Causes Of Hemophilia: Its Symptoms And Treatment Options

Hemophilia is a rather uncommon genetic disorder wherein the blood fails to clot normally because it does not have adequate blood-clotting proteins. You tend to bleed for a very long time after an injury, in comparison with one whose blood clotted normally.

A huge health issue is bleeding inside your body, particularly in the knees, elbows and the ankles.

Internal bleeding can impair your organs and become life threatening.

Signs And Symptoms Of Hemophilia

The signs and symptoms of hemophilia depend upon on the level of clotting factors. If the clotting-factor level is a little low, you will bleed only after a trauma or after a surgical procedure. If the insufficiency is severe, there will be spontaneous bleeding.

  • Excessive and inexplicable bleeding from cuts, injuries, after surgery or dental work.
  • Large or deep bruises.
  • Atypical bleeding after vaccination.
  • Pain, tenderness, redness, swelling and warmth in the joints.
  • Blood in the stool and / urine.
  • Painful, prolonged headache.
  • Nosebleeds
  • Repeated vomiting
  • Double vision
  • Exhaustion

What Are The Causes Of Hemophilia?

When you bleed, the body pools blood cells together to form a clot to put a stop to the bleeding.

The process of clotting is supported by platelets and plasma proteins. When you have an insufficiency of one of these clotting factors, you develop hemophilia.

Hemophilia is genetically inherited. On the other hand, statistics reveal that approximately 30 % of people having hemophilia do not have a family history of the condition. In these individuals, it develops due to spontaneous mutation.

  • Hemophilia A –the commonest type develops due to an inadequate clotting factor VIII.
  • Hemophilia B – the second most common type develops due to an inadequate clotting factor IX.
  • Hemophilia C – develops due to an inadequate clotting factor XI.

Hemophilia inheritance

  • Hemophilia A or B: The gene responsible for hemophilia A and hemophilia B is situated on the X chromosome, so it is never passed from the father to the son. Hemophilia A or B is very common in boys and is passed from the mother to the son. A large number of women having the defective gene are only carriers and do not have any apparent manifestation of the disorder.
  • Hemophilia C: This gene is passed on to the child by either one of the parents. Hemophilia C can occur in boys as well as girls.
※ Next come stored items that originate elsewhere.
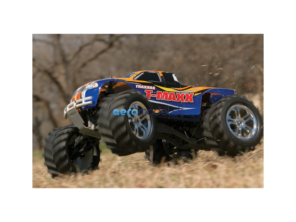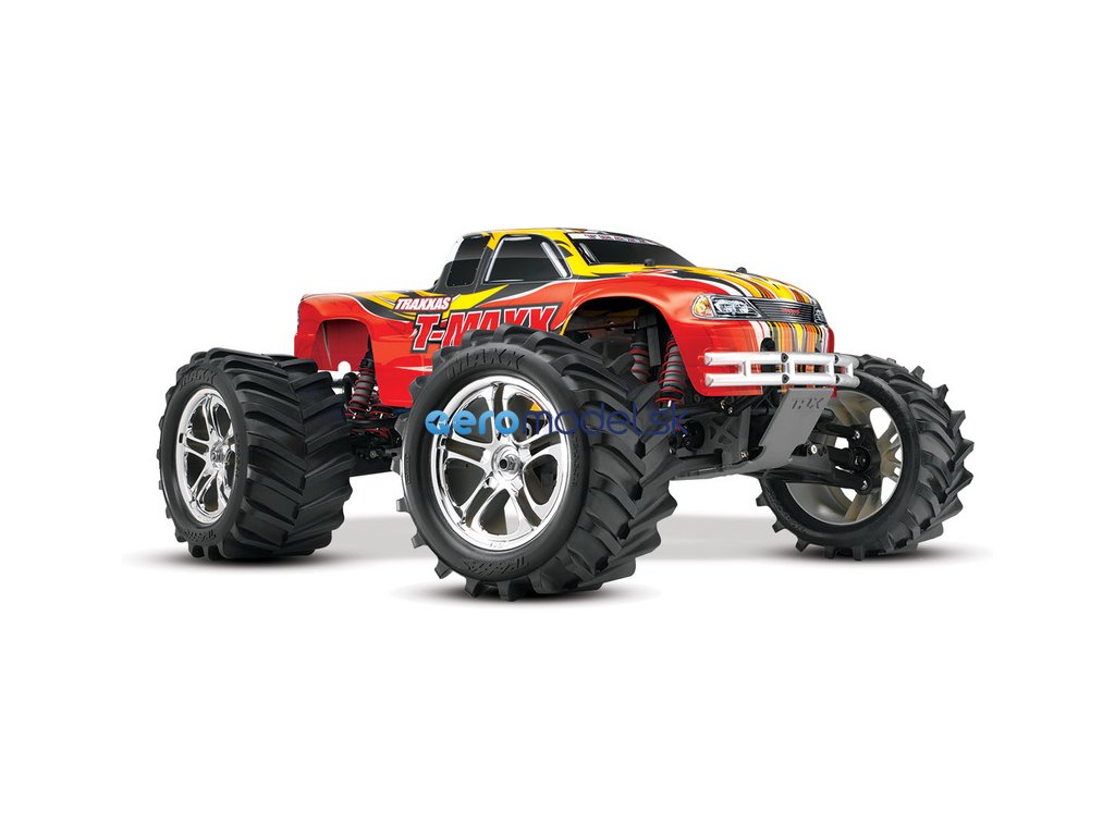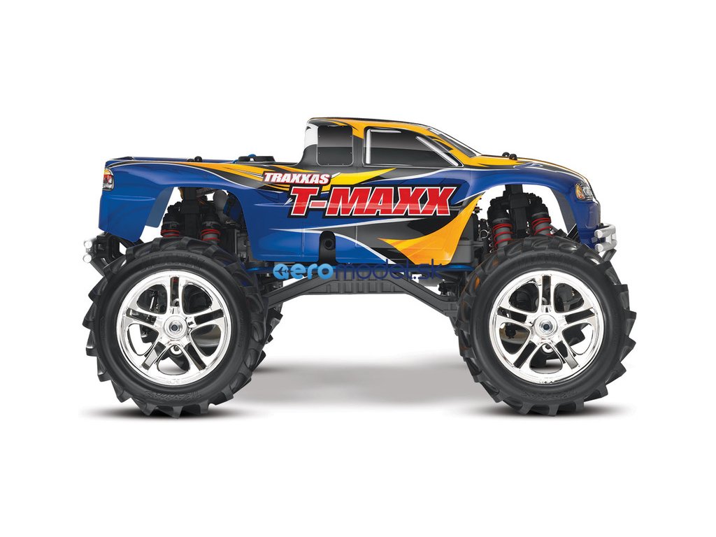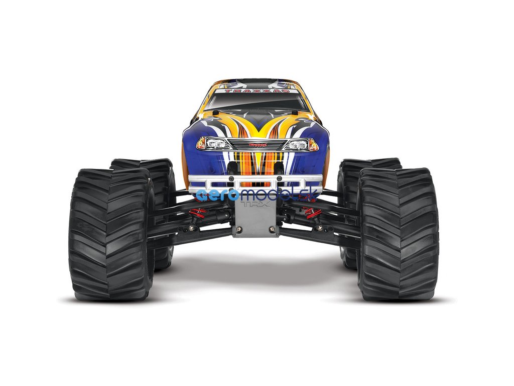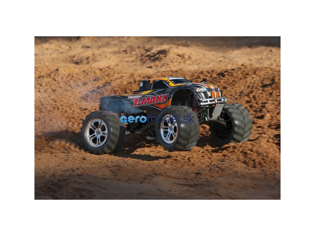Monster Truck Traxxas T-Maxx 2.5 Nitro 4WD je špičkový nástroj k vítězství. Vyniká výkonným závodním motorem TRX 2.5 s laděným výfukem, tuhý podvozek je ze 3.2 mm silného 6061-T6 modře eloxovaného hliníku. Obří pneumatiky o průměru 160 mm poskytují maximální přilnavost v terénu, auto má velkou světlo výšku, která mu nebrání projíždět i ty největší nerovnosti. Nový T-Maxx má neuvěřitelné zrychlení a skvělé vedení na trati i díky náhonu 4WD a velkému rozvoru. Model dosahuje rychlosti až 64 km/hod!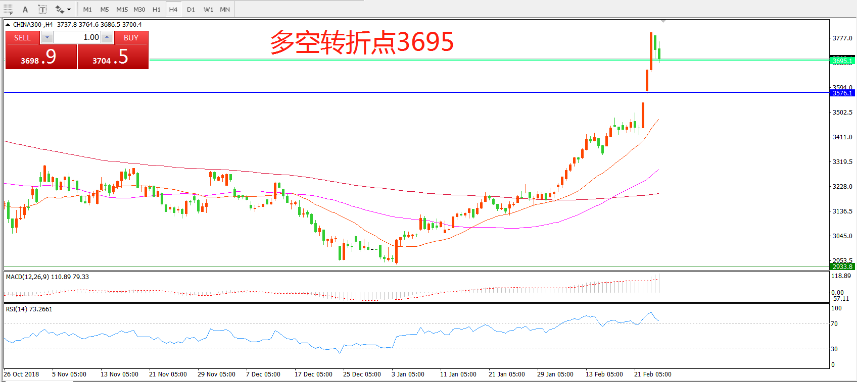 4小时图看,CHINA300中华指数突破阻力后强势上行,触及上方3800一线出现回落,大整依然处于上升趋势,均线系统呈多头排列, MACD红柱增加,RSI有掉头迹象,整体维持偏多思路。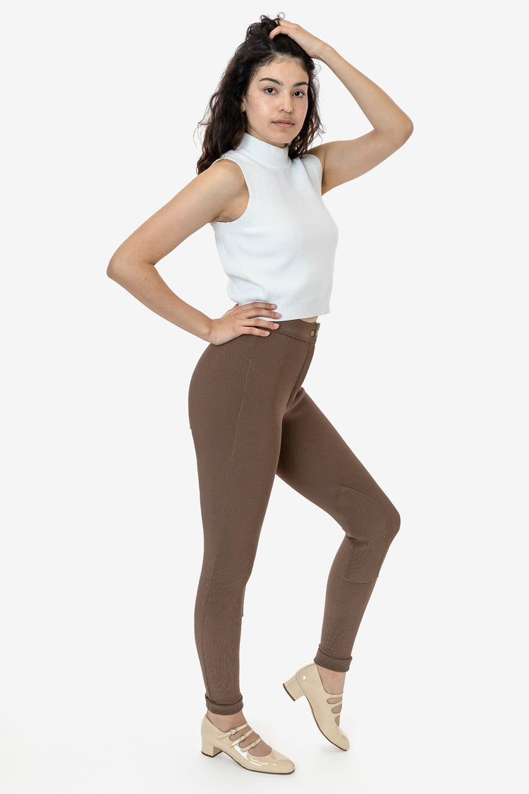 The Original Riding Pant. Still made in Los Angeles. Still Sweatshop free. These pants feature a classic high rise waist and are fitted throughout with patches on the inner knee. Constructed out of a stretchy, durable, ribbed nylon ottoman fabric of traditional sportswear quality. This compressive pant is finished with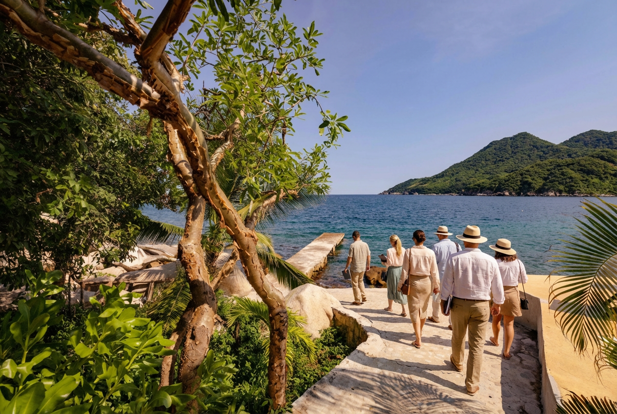 Corrales Bay is accessed by boat from Puerto Vallarta, with guests arriving together to a private destination. Once on property, the resort is fully walkable, allowing your group to settle in without ongoing transportation needs. Arrival details are shared in advance so guests know what to expect before traveling.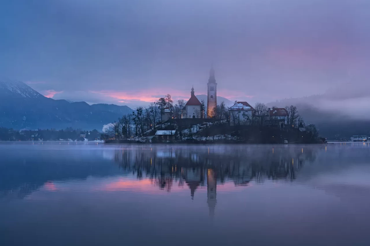 Slovenya'nın Gorenjska bölgesindeki Bled kasabasında yer alan Bled Gölü, özellikle sisli havalarda adeta bir masal diyarını andırıyor.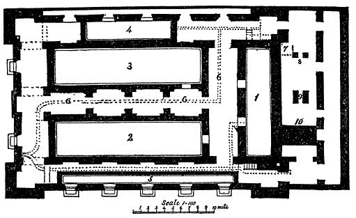 Plan of Basement. 1. West reservoir; 2. South reservoir; 3. North reservoir; 4, 5. Storage basins; 6. Pipes connecting the reservoirs and basins with the pump; 7. Pump-reservoir; 8. Pumps; 9. Engine; 10. Boiler.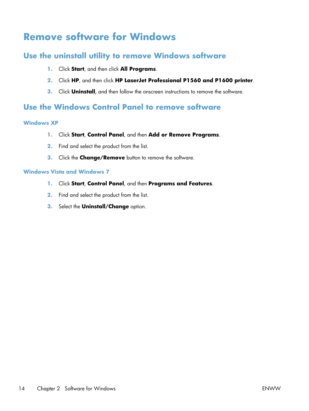 Change printer-driver settings for Windows 13Remove software for Windows Use the uninstall utility to remove Windows software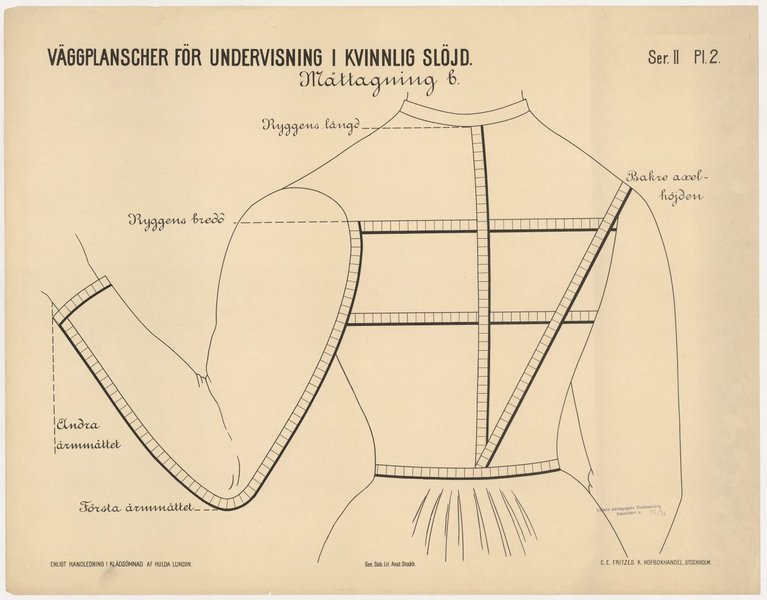 42007 - Hulda Lundine: Väggplanscher för undervisning i kvinnlig slöjd II,2: Måttagning b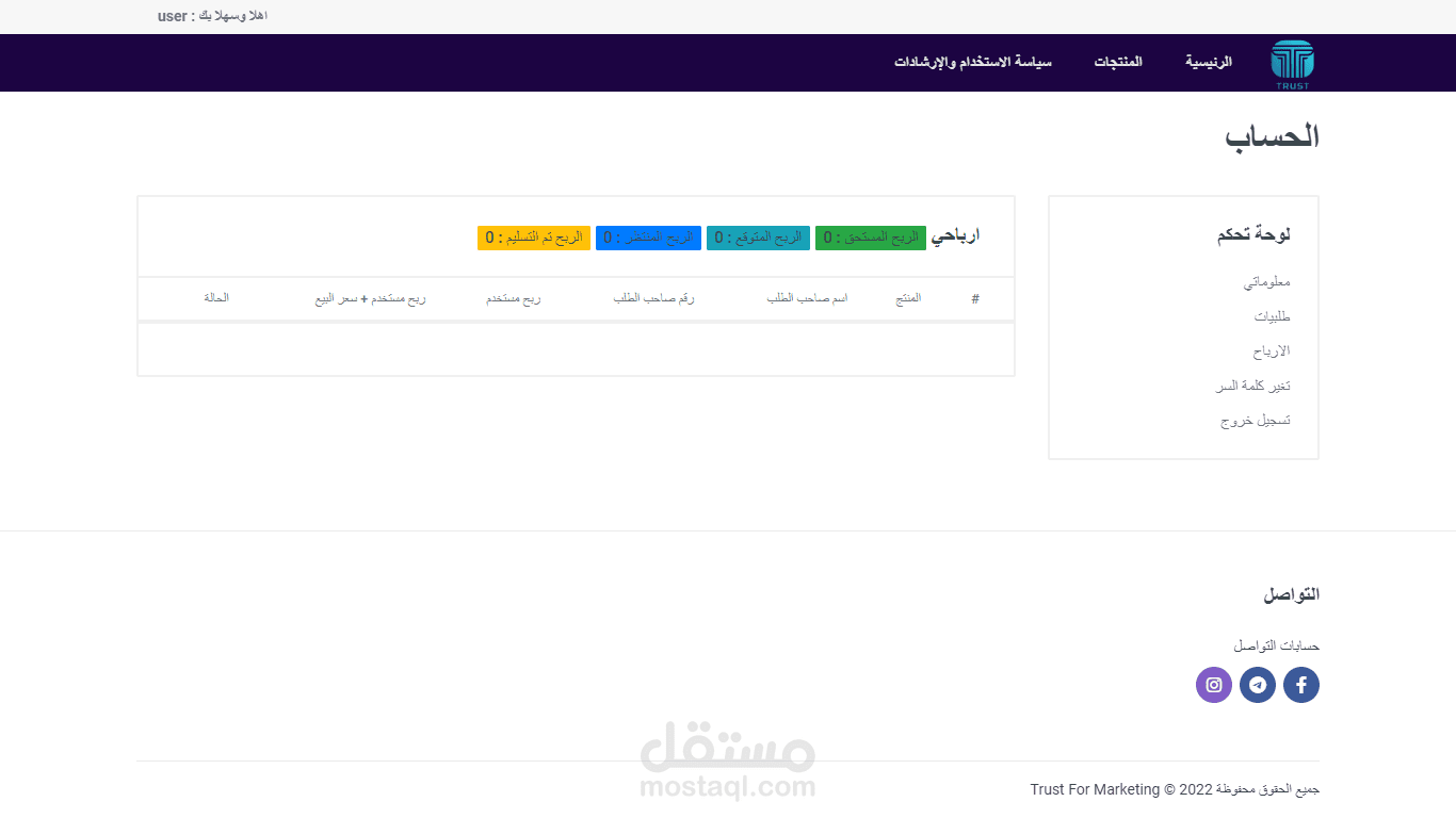 وعرض الأرباح بعد اعتماد الطلب وحساب ارباح كل مستخدم لانو طلب يتم من خلال مسوق بعد كل طلب يسجل ربح لمسوق والادمن
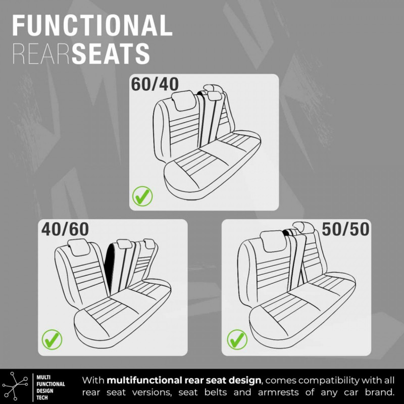The covers have zippers in the rear seats, making them suitable for most seats available on the market (non-split, right- and left-sided split seats). The backrests can be easily folded down to increase cargo space.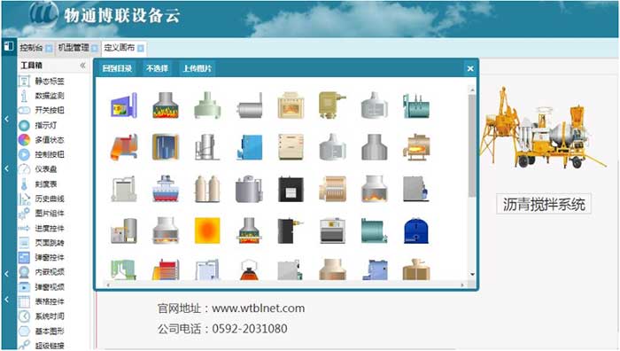 物通博聯(lián)云組態(tài)平臺,是專門為行業(yè)客戶快速開發(fā)自定義物聯(lián)網(wǎng)應(yīng)用提供一種數(shù)據(jù)平臺。不需要編程,通過簡單的模塊和控件拖拉繪制相應(yīng)的運行畫面,同時綁定設(shè)備的數(shù)據(jù),就可以實現(xiàn)對現(xiàn)場設(shè)備的數(shù)據(jù)形象的畫面監(jiān)控、遠程控制、數(shù)據(jù)曲線和報警展示;方便隨時隨地、直觀、形象地實時掌控設(shè)備及項目的運行狀況。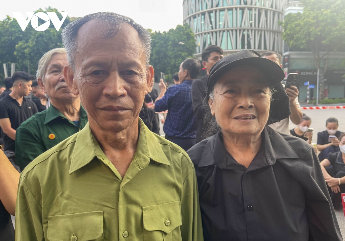 Theo ghi nhận của phóng viên Chung Thủy/VOV.VN, vợ chồng ông bà Nguyễn Văn Tiến và Hán Thị Phương, 75 tuổi (người Yên Bái) đã đi xe ô tô khách từ 2h sáng về Hà Nội để kịp giờ viếng Tổng Bí Thư Nguyễn Phú Trọng. Tâm trạng xúc động, bà Phương cho biết, 4h sáng, vợ chồng ông bà đã có mặt tại phố Hàn Thuyên và xếp hàng đợi giờ vào viếng. Khi hay tin Tổng Bí thư mất, vợ chồng bà vô cùng xúc động, tiếc thương vị lãnh tụ của nước, của dân. Bằng mọi giá vợ chồng ông phải về Hà Nội để viếng Tổng Bí thư và tiễn đưa ông chặng đường cuối về với đất mẹ.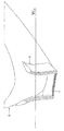 도 2는, 그 위에 장착되어 있는 본 발명의 유체역학적 덕트를 갖춘 선박 선수의 일 부분에 관한 사시도이고, 여기에서 덕트는 하측 수평방향 벽 부위, 상측 수평방향 벽 부위, 및 수선 위에 뻗어 있는 것으로 나타나 있는 측면방향 벽 부위들로 이루어져 있다.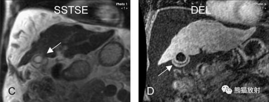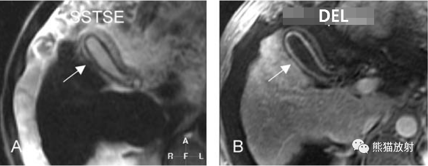 膽囊壁增厚(并肝硬化、門脈高壓、腹水)。T2WI顯示膽囊壁因水腫而光滑均勻增厚,增強延遲期顯示強化的膽囊壁(內外兩層:粘膜層和漿膜層),薄而清晰光滑。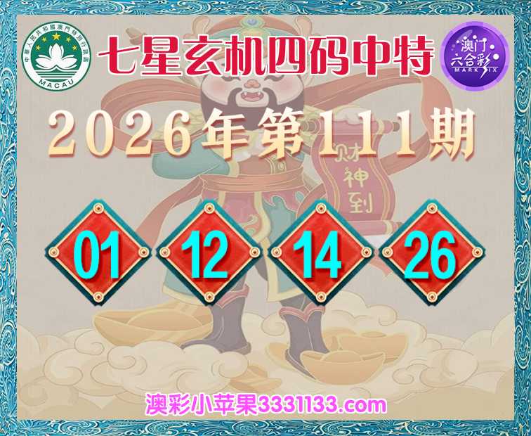 111期:『七星玄机』 四码中特【01.12.14.26】开:00准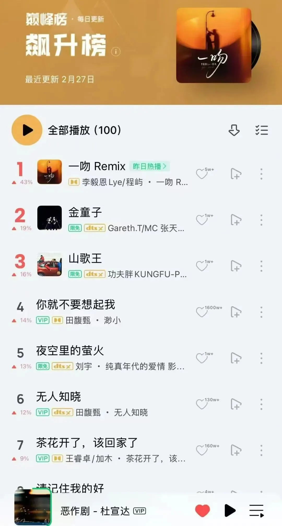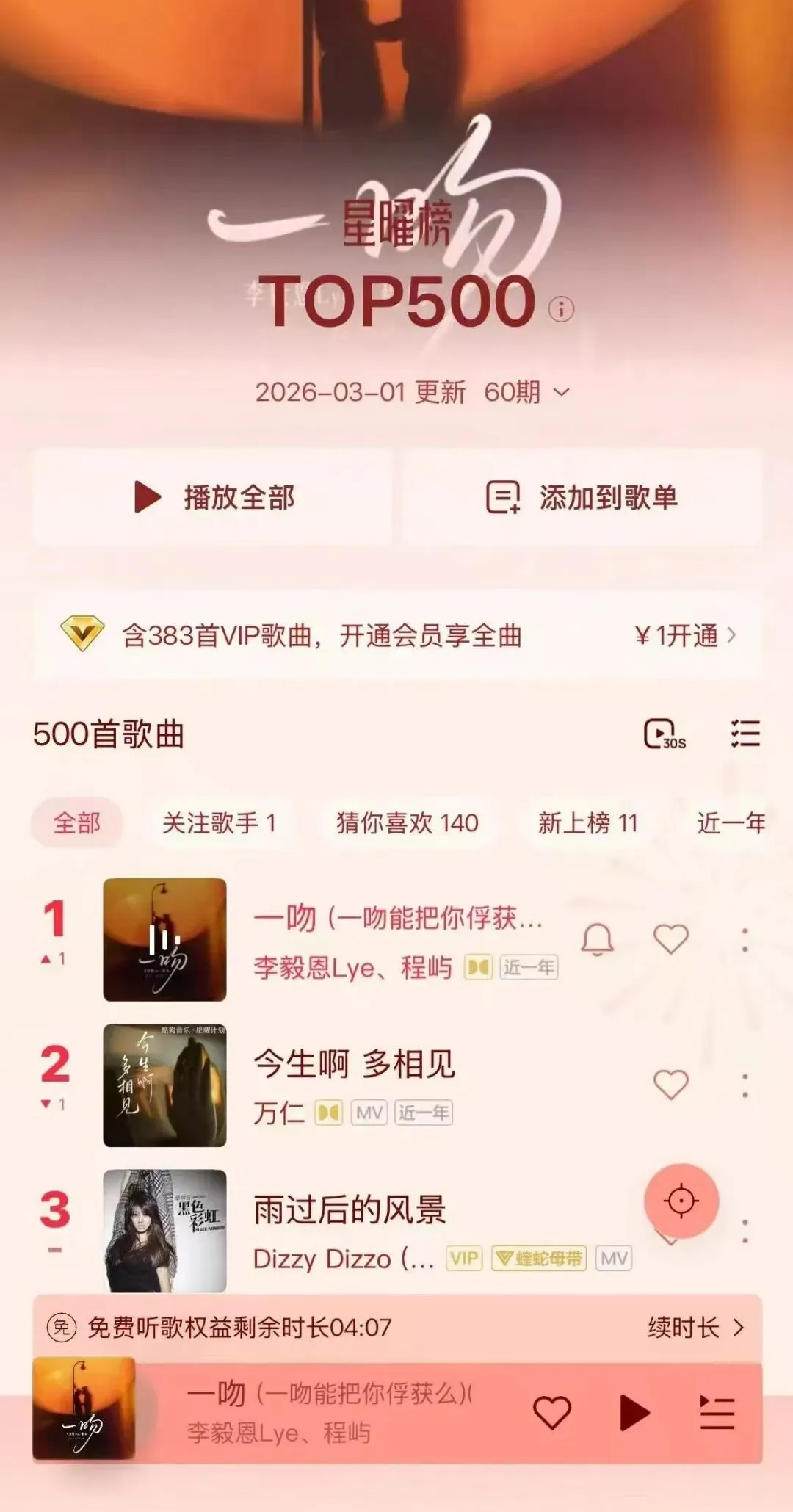 而更令人惊叹的是,他最近的作品《一吻》同时登顶九大音乐榜单,酷狗TOP500、飙升榜、90后热歌榜、00后热歌榜,网易云音乐的飙升榜和热搜榜——全部第一。在这个流量为王的时代,一位默默无闻的音乐素人,作品竟能与林俊杰等华语乐坛巨星同台竞技,甚至站在了最前面。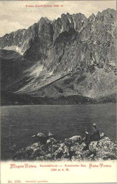 Widok na Batyżowiecki Staw i wznoszący się nad nim masy Gerlacha. Na pierwszym planie turysta. Pod zdjęciem wydrukowany tytuł, również w języku niemieckim, u góry podana nazwa szczytu.

Treatment Options For Hemophilia

There is no cure for hemophilia; nonetheless, most people lead a fairly normal life. In case of bleeding episodes, the following needs to be done:

  • Mild cases of hemophilia A: Introducing hormone desmopressin into a vein helps stimulate a release of more clotting factor to halt the bleeding. Infrequently, desmopressin may be given as a nasal drug.
  • Severe cases of hemophilia A or hemophilia B: ¬†An infusion of recombinant clotting factor or one obtained from donated human blood is given to the person to stop the bleeding. Repeated infusions are required if internal bleeding is excessive.
  • Hemophilia C: Clotting factor XI, which is deficient in hemophilia C is available only in Europe. Elsewhere, plasma infusions need to be given to halt bleeding.
  • Regular infusions of clotting factor or desmopressin: Regular infusions prevent bleeding. It also helps by decreasing the time that you will spend in the hospital and diminishes the side effects such as damage to joints. Your health care provider will show you how to carry out the infusion.
  • Fibrin sealants: These when applied to the wound site encourages clotting and healing.
  • First aid for cuts: Apply pressure and a bandage; this takes care of the bleeding.